● **TASK OBJECTIVE**
Repeat exactly, and nothing more, the lines from the one that includes "由主机、电动球阀、触控传感器" through the final line of the entries; skip the pictures.

*** DATA FOR REVIEW Section Begins ***

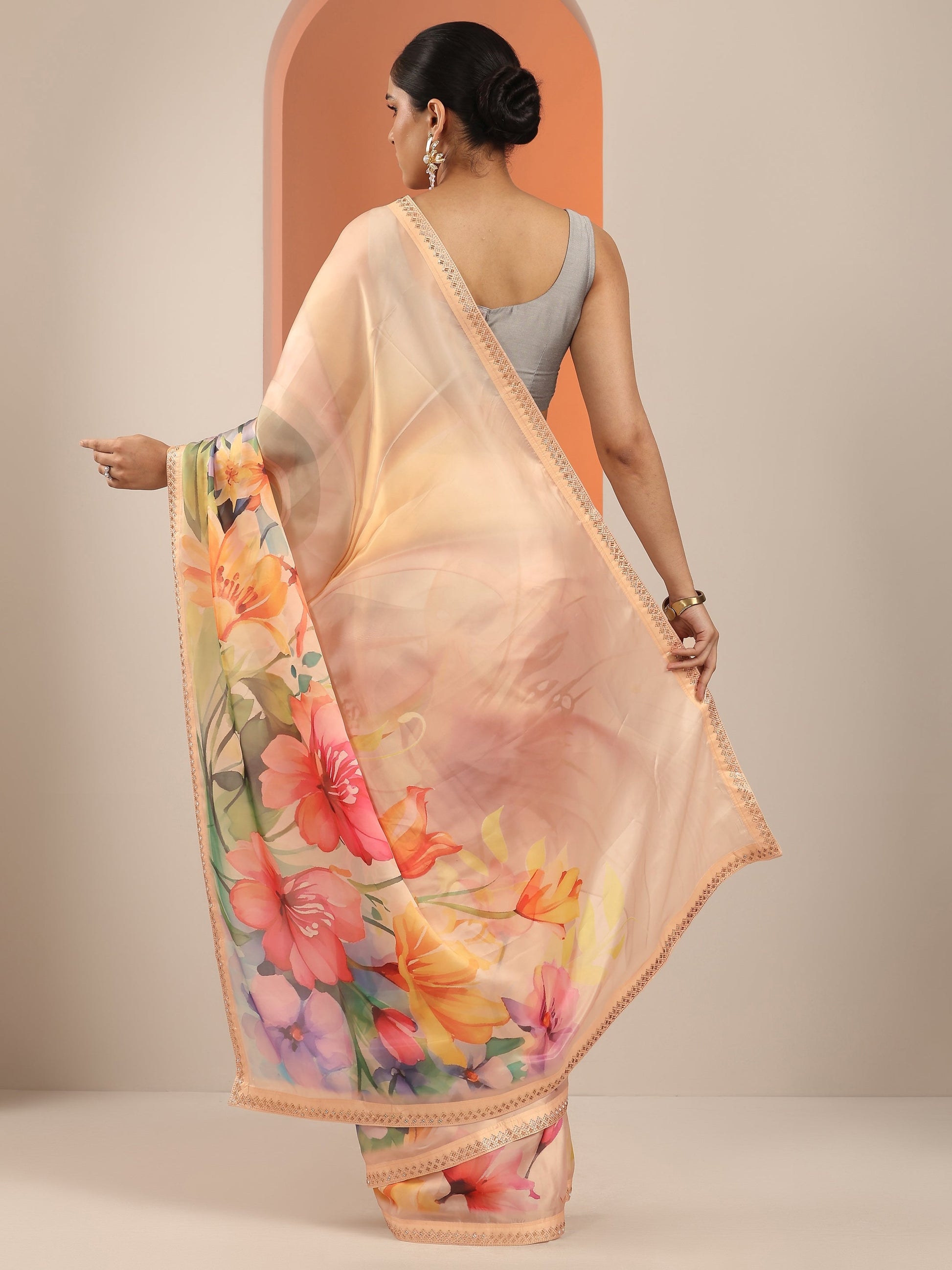 Our Peach Printed Organza Saree Features Captivating Floral Print. Complemented With A Unstitched Blouse Piece. This Charming Saree Is Perfect For Festive Wear
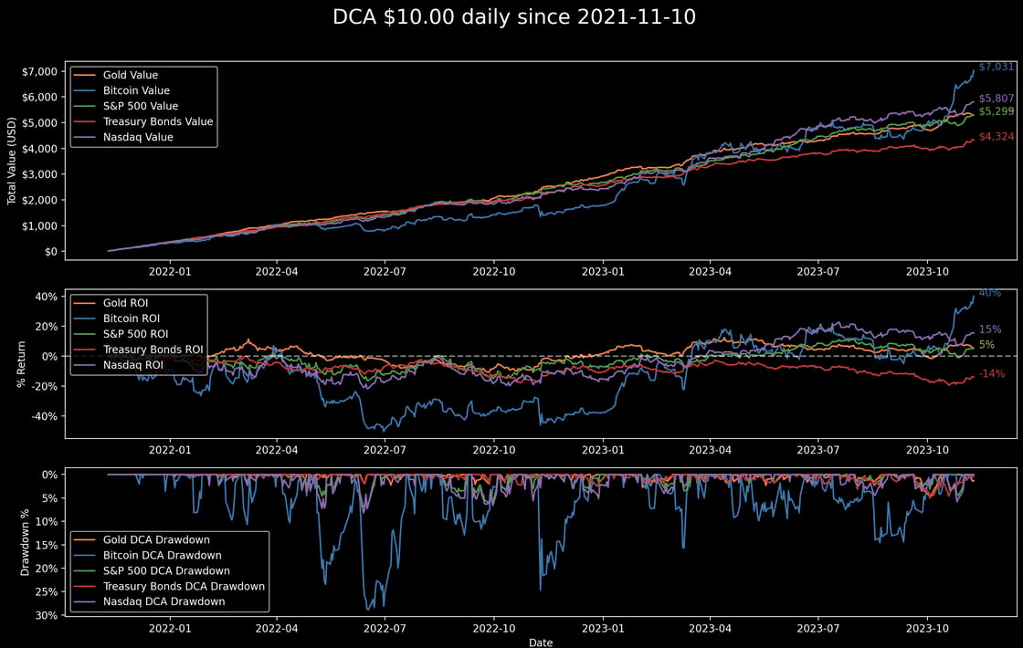 Starting from the day of the November 2021 $69,000 bitcoin all time high, a daily dollar cost averaging strategy has yielded returns of +40% for bitcoin, +15% for the Nasdaq, +5% for the S&P 500 and gold, and -14% for U.S. long duration bonds.
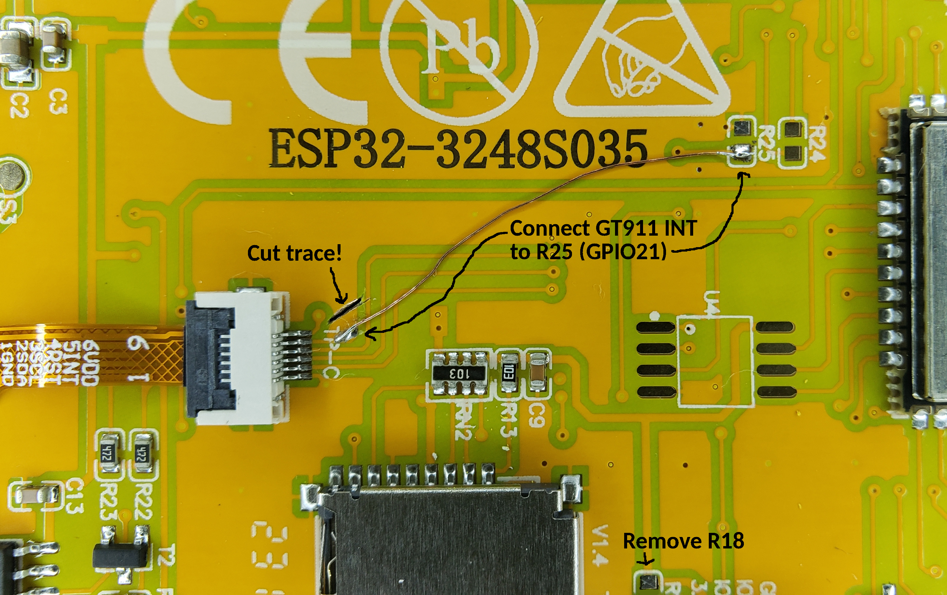 - Remove (pull-up) resistor R18 (GPIO21 to 3V3). The GT911's INT pin is not strong enough to drive GPIO21 low with this resistor installed.
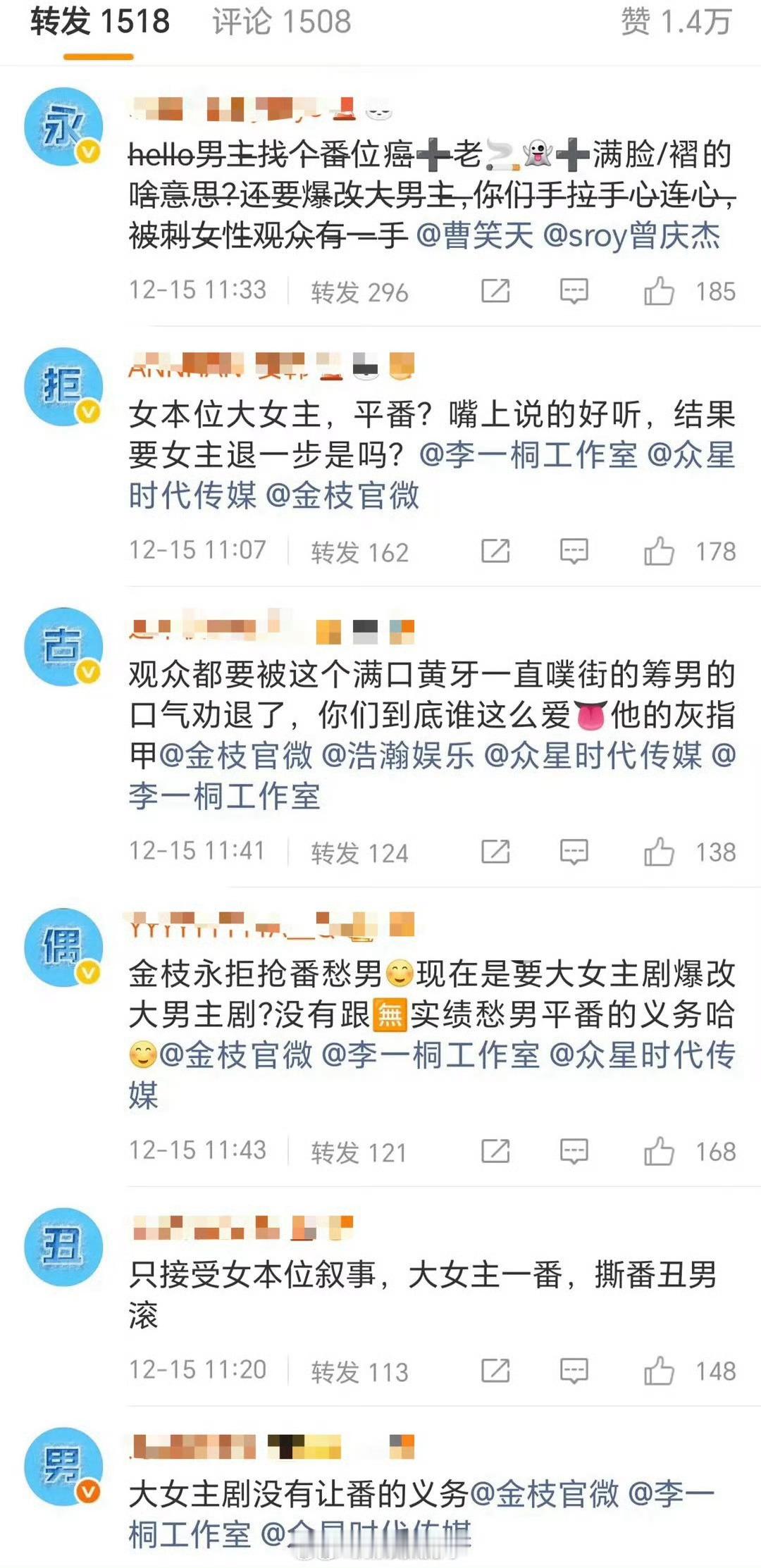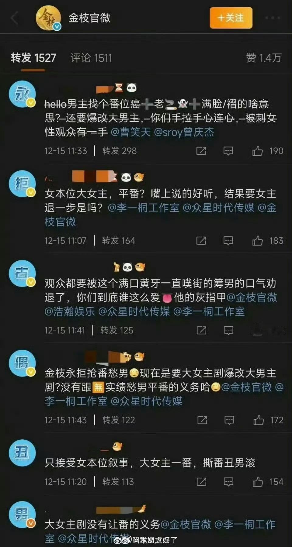 李一桐粉丝在金枝官博热转维权,强调要求女主一番!九日也是混到了被打成古偶丑男永拒的地步了。。。
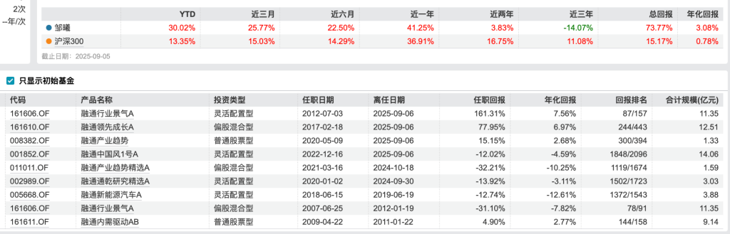 据Wind数据,邹曦历任管理基金数共12只。今年9月6日,邹曦清仓了剩余在管的4只基金,分别为融通行业景气、融通领先成长、融通产业趋势、融通中国风1号。
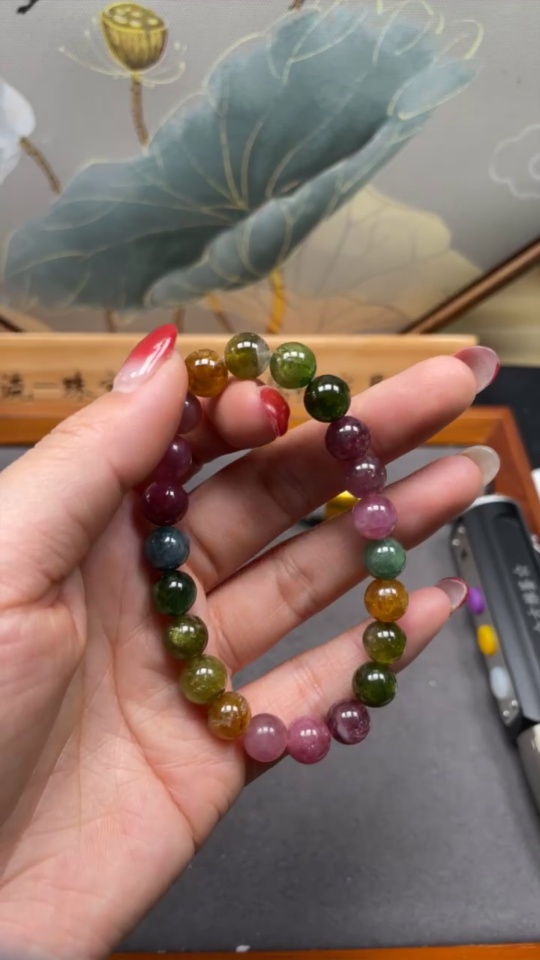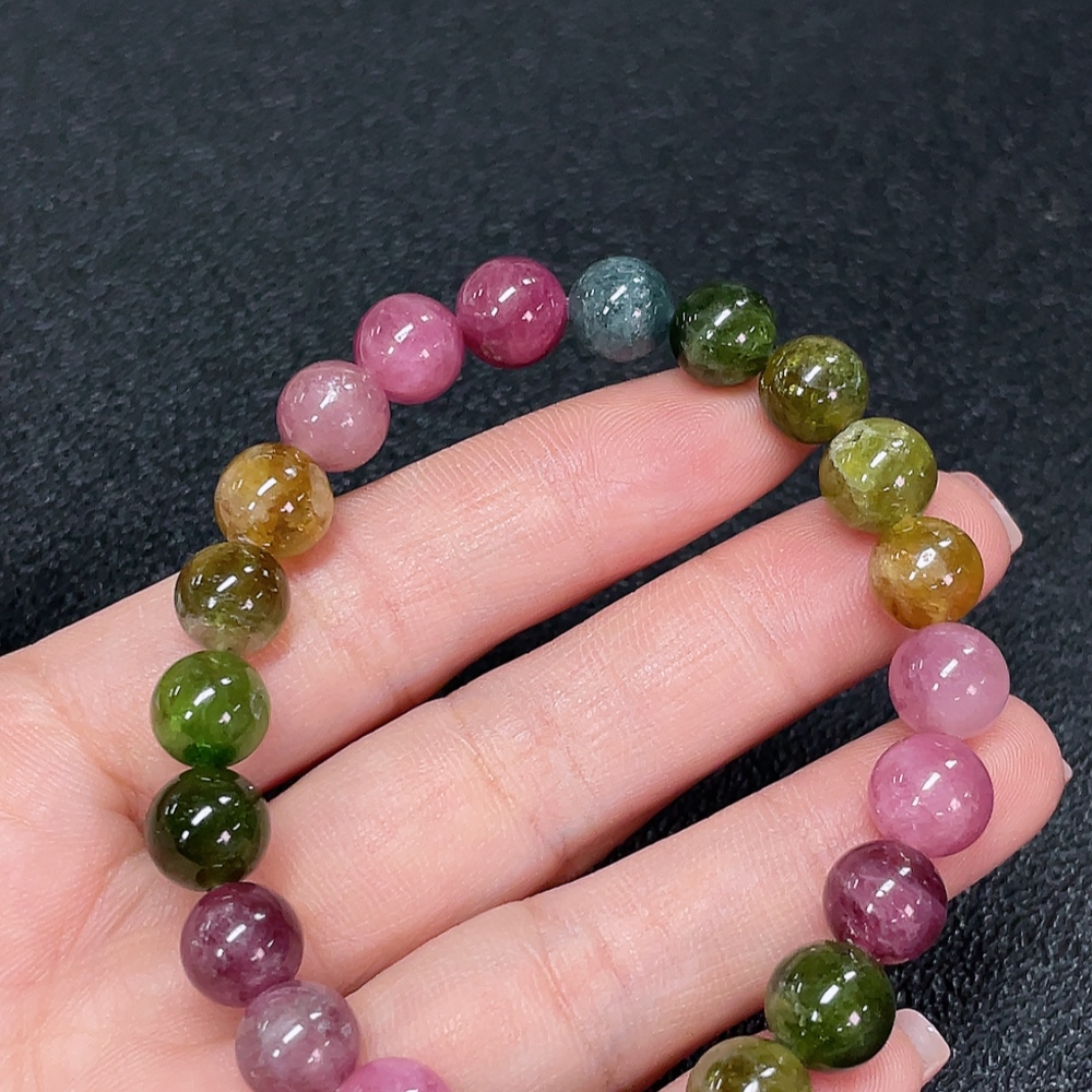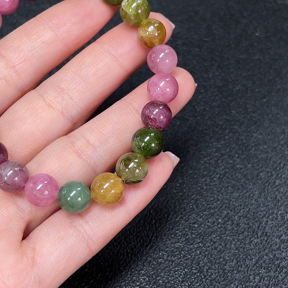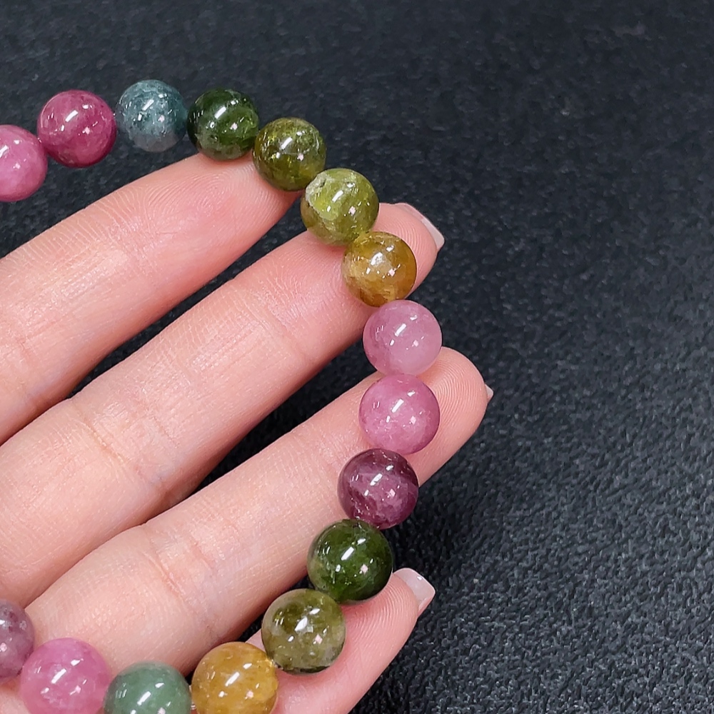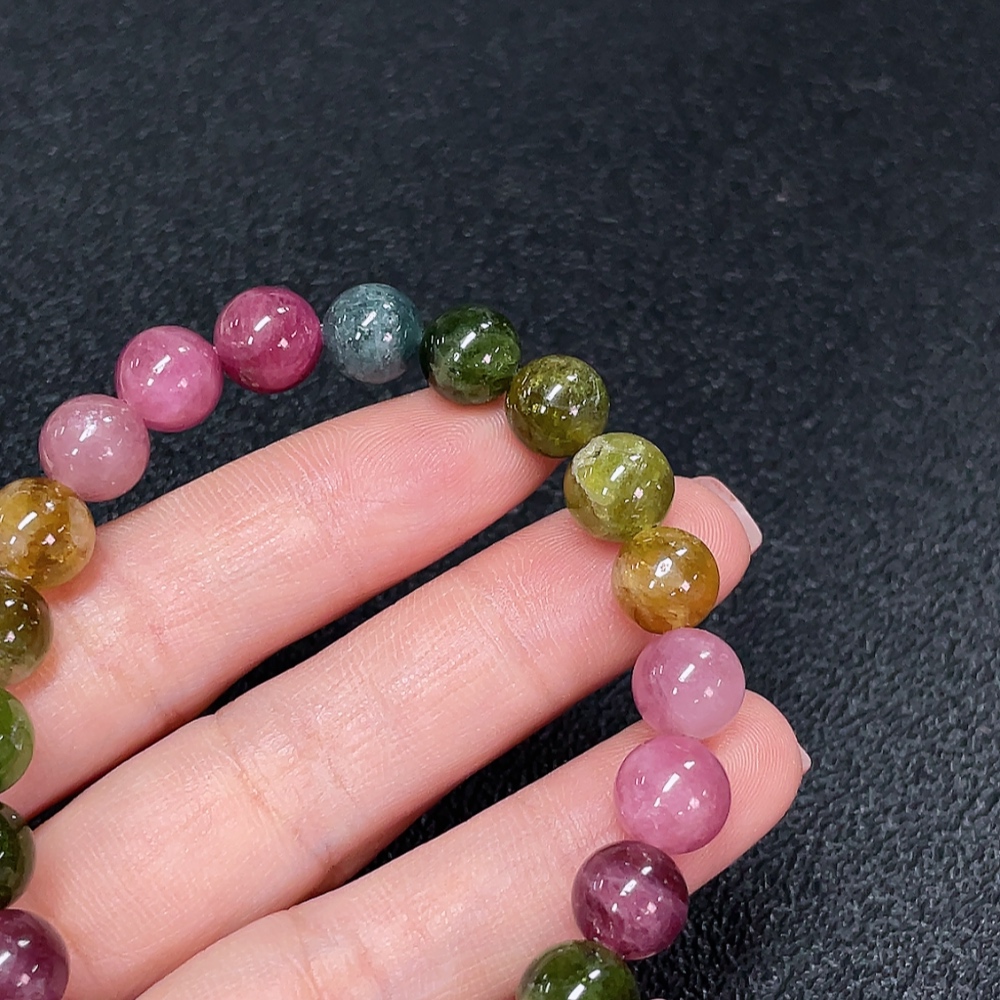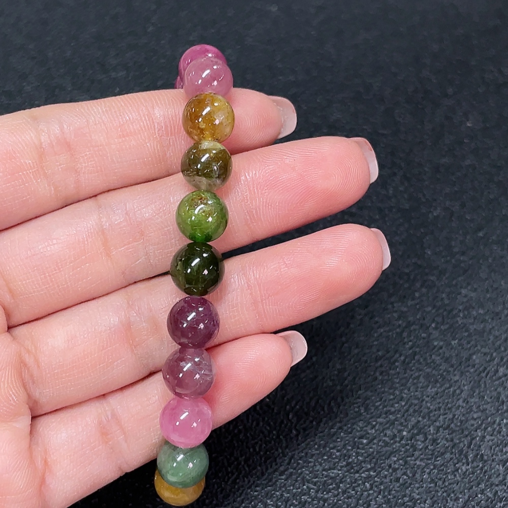 Tourmaline bracelet with other mineral components, visible organic matter, total weight approx. 22.14g, size approx. 8.6mm
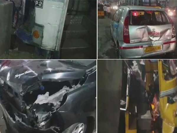 పాదచారిని ఢీకొట్టి అదుపుతప్పడంతో అలాగే ముందుకొచ్చిన బస్సు ఓ కారును తాకింది. అందులో ప్రయాణిస్తున్నవారికి ఎలాంటి ప్రమాదం జరగలేదు. ఆ కారు వెనకాలే ఉన్న రెండు ఆటోలను ఢీకొట్టడంతో ఓ ఆటో డ్రైవర్ కు గాయాలయ్యాయి. అలాగే ఓ ద్విచక్రవాహనదారుడికి తాకడంతో స్వల్పగాయాలయ్యాయి. ఒక మహిళను ఢీకొట్టడంతో ఆమె తలకు గాయాలయ్యాయి. సమాచారమందుకున్న పోలీసులు ఘటనాస్థలికి చేరుకుని గాయపడ్డవారిని చికిత్స నిమిత్తం గాంధీ ఆసుపత్రికి తరలించారు.
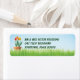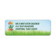 Un pot en terre cuite rempli de tulipes colorées s'assoit dans l'herbe par une belle journée ensoleillée. Idéal pour le printemps ou l'été. Ajoutez un nom et une adresse de retour à droite. Disponible avec des produits correspondants.
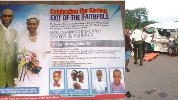 Mr ThankGod Ifeanyi Onyia, Mrs Chinwe Okwudiri Onyia, and their five kids were travelling in a Carina E model vehicle when they collided with a Toyota bus belonging to Onitsha South mass transit along the dilapidated Ugwu-Onyeama axis of Enugu-Onitsha expressway at about 11:00 a.m.
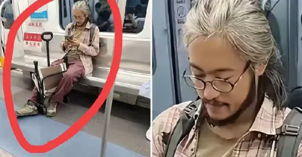 捷運遇「潮爆阿北」!白髮配球鞋狂敲手機...眾人「湊近一看」全體石化了
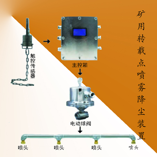 由主机、电动球阀、触控传感器、开停传感器、热释电传感器等组成。胶带机转载点全自动气水联动喷雾
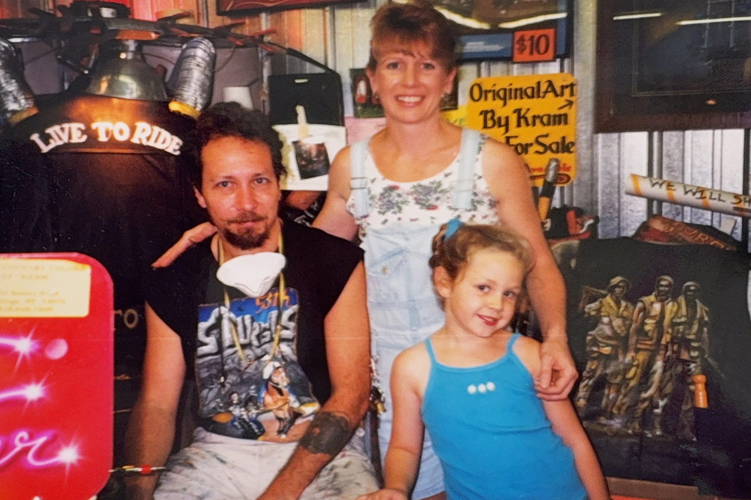 Mark Gardner—known in the biker world as “Kram”—rose to fame in the 1990s as a leading biker artist. His bold, airbrushed style appeared everywhere from Sturgis and Daytona Bike Week to custom motorcycles, leather jackets, and vehicles across the country. His work was featured in Super Cycle Magazine centerfolds and commissioned by Wilson Leather, making his art an iconic part of biker culture.

*** DATA FOR REVIEW Section Ends ***

● **YOUR SOLUTION**
 由主机、电动球阀、触控传感器、开停传感器、热释电传感器等组成。胶带机转载点全自动气水联动喷雾
 Mark Gardner—known in the biker world as “Kram”—rose to fame in the 1990s as a leading biker artist. His bold, airbrushed style appeared everywhere from Sturgis and Daytona Bike Week to custom motorcycles, leather jackets, and vehicles across the country. His work was featured in Super Cycle Magazine centerfolds and commissioned by Wilson Leather, making his art an iconic part of biker culture.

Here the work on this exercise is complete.